Retrospective internal and external validation of six scoring systems and algorithms (four civilian and two military systems) to predict the risk of massive transfusion at a very early stage after trauma on one single dataset of severely injured patients derived from the TraumaRegister DGU® database (2002-2010). Scoring systems and algorithms assessed were: TASH (Trauma-Associated Severe Hemorrhage) score, PWH (Prince of Wales Hospital/Rainer) score, Vandromme score, ABC (Assessment of Blood Consumption/Nunez) score, Schreiber score and Larsen score. Data from 56,573 patients were screened to extract one complete dataset matching all variables needed to calculate all systems assessed in this study. Scores were applied and area-under-the-receiver-operating-characteristic curves (AUCs) were calculated. From the AUC curves the cut-off with the best relation of sensitivity-to-specificity was used to recalculate sensitivity, specificity, positive predictive values (PPV), and negative predictive values (NPV).

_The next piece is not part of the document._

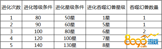 搜索"8090网页游戏"魔域永恒游戏中当幻兽培养到一定等级与星级时,可以进行进化。幻兽进化需要吞噬同类型幻兽,数据如下:

A total of 5,147 patients with blunt trauma (95%) was extracted from the TR-DGU. The mean age of patients was 45.7 ± 19.3 years with a mean ISS of 24.3 ± 13.2. The overall MT rate was 5.6% (n = 289). 95% (n = 4,889) patients had sustained a blunt trauma. The TASH score had the highest overall accuracy as reflected by an AUC of 0.889 followed by the PWH-Score (0.860). At the defined cut-off values for each score the highest sensitivity was observed for the Schreiber score (85.8%) but also the lowest specificity (61.7%). The TASH score at a cut-off ≥ 8.5 showed a sensitivity of 84.4% and also a high specificity (78.4%). The PWH score had a lower sensitivity (80.6%) with comparable specificity. The Larson score showed the lowest sensitivity (70.9%) at a specificity of 80.4%.


Weighted and more sophisticated systems such as TASH and PWH scores including higher numbers of variables perform superior over simple non-weighted models. Prospective validations are needed to improve the development process and use of scoring systems in the future.